# Deep Learning Toolkit for Splunk - Graph Algorithms with Rapids cuGraph

This notebook contains examples for Louvain graph algorithm available in Rapids

Note: By default every time you save this notebook the cells are exported into a python module which is then invoked by Splunk MLTK commands like <code> | fit ... | apply ... | summary </code>. Please read the Model Development Guide in the Deep Learning Toolkit app for more information.

## Stage 0 - import libraries
At stage 0 we define all imports necessary to run our subsequent code depending on various libraries.

In [1]:
# this definition exposes all python module imports that should be available in all subsequent commands
import json
import numpy as np
import pandas as pd
import cugraph
import cudf
# ...
# global constants
MODEL_DIRECTORY = "/srv/app/model/data/"

In [2]:
# THIS CELL IS NOT EXPORTED - free notebook cell for testing or development purposes
print("numpy version: " + np.__version__)
print("pandas version: " + pd.__version__)
print("cugraph version: " + cugraph.__version__)
print("cudf version: " + cudf.__version__)

# Print out GPU Name
cudf.utils.cudautils.cuda.detect()

numpy version: 1.18.1
pandas version: 0.25.3
cugraph version: 0.13.0+0.gac36e8c.dirty
cudf version: 0.13.0
Found 1 CUDA devices
id 0    b'Tesla V100-SXM2-16GB'                              [SUPPORTED]
                      compute capability: 7.0
                           pci device id: 30
                              pci bus id: 0
Summary:
	1/1 devices are supported


True

## Stage 1 - get a data sample from Splunk
In Splunk run a search to pipe a dataset into your notebook environment. Note: mode=stage is used in the | fit command to do this.
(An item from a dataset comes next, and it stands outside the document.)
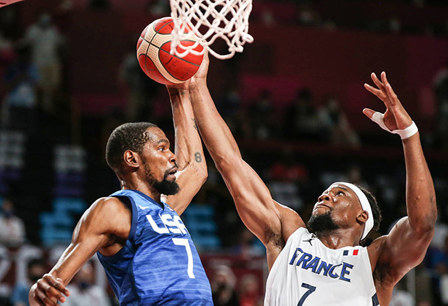 JRS低调看直播7月25日讯 东京奥运会男篮小组赛A组首轮,美国男篮对阵法国男篮,法国男篮阵中有戈贝尔为首的诸多NBA球员,实力不容小觑;美国男篮热身赛状态一般,但作为卫冕冠军的他们还是十分有信心。开局法国队在富尼耶带领下打得很主动,但随后进攻乏力,而美国队在杜兰特和阿德巴约带领下内外开花很快打出一波小高潮领先到7分,次节法国还是依靠内线高度连续追分,但美国又依靠外线射手群们连续发炮重新稳住8分的领先优势。易边再战,富尼耶成为法国领袖,他里突外投连续砍分帮助法国紧咬比分,美国又陷入得分荒,德科洛的连续外线帮助法国反超了6分,末节法国陷入得分荒给美国机会,霍勒迪凭一己之力连砍10分将比分反超回来,随后阿德巴约关键罚球不进加传球失误让富尼耶抓住机会扔进三分重新反超回来,德科洛两罚基本杀死比赛,最终法国逆转险胜美国,拿到小组赛首场胜利。

| inputlookup bitcoin_transactions.csv<br>
| rename user_id_from as src user_id_to as dest<br>
| fit MLTKContainer mode=stage algo=graph_algo_louvain from src dest into app:bitcoin_graph_louvain as graph<br>

After you run this search your data set sample is available as a csv inside the container to develop your model. The name is taken from the into keyword ("barebone_model" in the example above) or set to "default" if no into keyword is present. This step is intended to work with a subset of your data to create your custom model.

In [3]:
# this cell is not executed from MLTK and should only be used for staging data into the notebook environment
def stage(name):
    with open("data/"+name+".csv", 'r') as f:
        df = pd.read_csv(f)
    with open("data/"+name+".json", 'r') as f:
        param = json.load(f)
    return df, param

In [4]:
# THIS CELL IS NOT EXPORTED - free notebook cell for testing or development purposes
df, param = stage("bitcoin_graph_louvain")
print(df[0:1])
print(param)

   src  dest
0    2     2
{'options': {'params': {'mode': 'stage', 'algo': 'graph_algo_louvain'}, 'feature_variables': ['src', 'dest'], 'args': ['src', 'dest'], 'model_name': 'bitcoin_graph_louvain', 'output_name': 'graph', 'algo_name': 'MLTKContainer', 'mlspl_limits': {'handle_new_cat': 'default', 'max_distinct_cat_values': '1000', 'max_distinct_cat_values_for_classifiers': '1000', 'max_distinct_cat_values_for_scoring': '1000', 'max_fit_time': '6000', 'max_inputs': '1000000000', 'max_memory_usage_mb': '16000', 'max_model_size_mb': '1500', 'max_score_time': '6000', 'streaming_apply': 'false', 'use_sampling': 'true'}, 'kfold_cv': None}, 'feature_variables': ['src', 'dest']}


## Stage 2 - create and initialize a model

In [5]:
# initialize your model
# available inputs: data and parameters
# returns the model object which will be used as a reference to call fit, apply and summary subsequently
def init(df,param):
    model = {}
    return model

In [6]:
# THIS CELL IS NOT EXPORTED - free notebook cell for testing or development purposes
model = init(df,param)

## Stage 3 - fit the model

In [7]:
# train your model
# returns a fit info json object and may modify the model object
def fit(model,df,param):
    model = {}
    return model

In [10]:
# THIS CELL IS NOT EXPORTED - free notebook cell for testing or development purposes
fit(model,df,param)

{}

## Stage 4 - apply the model

In [11]:
src_dest_name = param['feature_variables']

In [12]:
# apply your model
# returns the calculated results
def apply(model,df,param):

    src_dest_name = param['feature_variables']
    dfg = df[src_dest_name]
    gdf = cudf.DataFrame(dfg)

    # create graph 
    G = cugraph.Graph()
    G.from_cudf_edgelist(gdf, source='src', destination='dest', renumber=True)
    max_iter = 100
    if 'max_iter' in param['options']['params']:
        max_iter = int(param['options']['params']['max_iter'])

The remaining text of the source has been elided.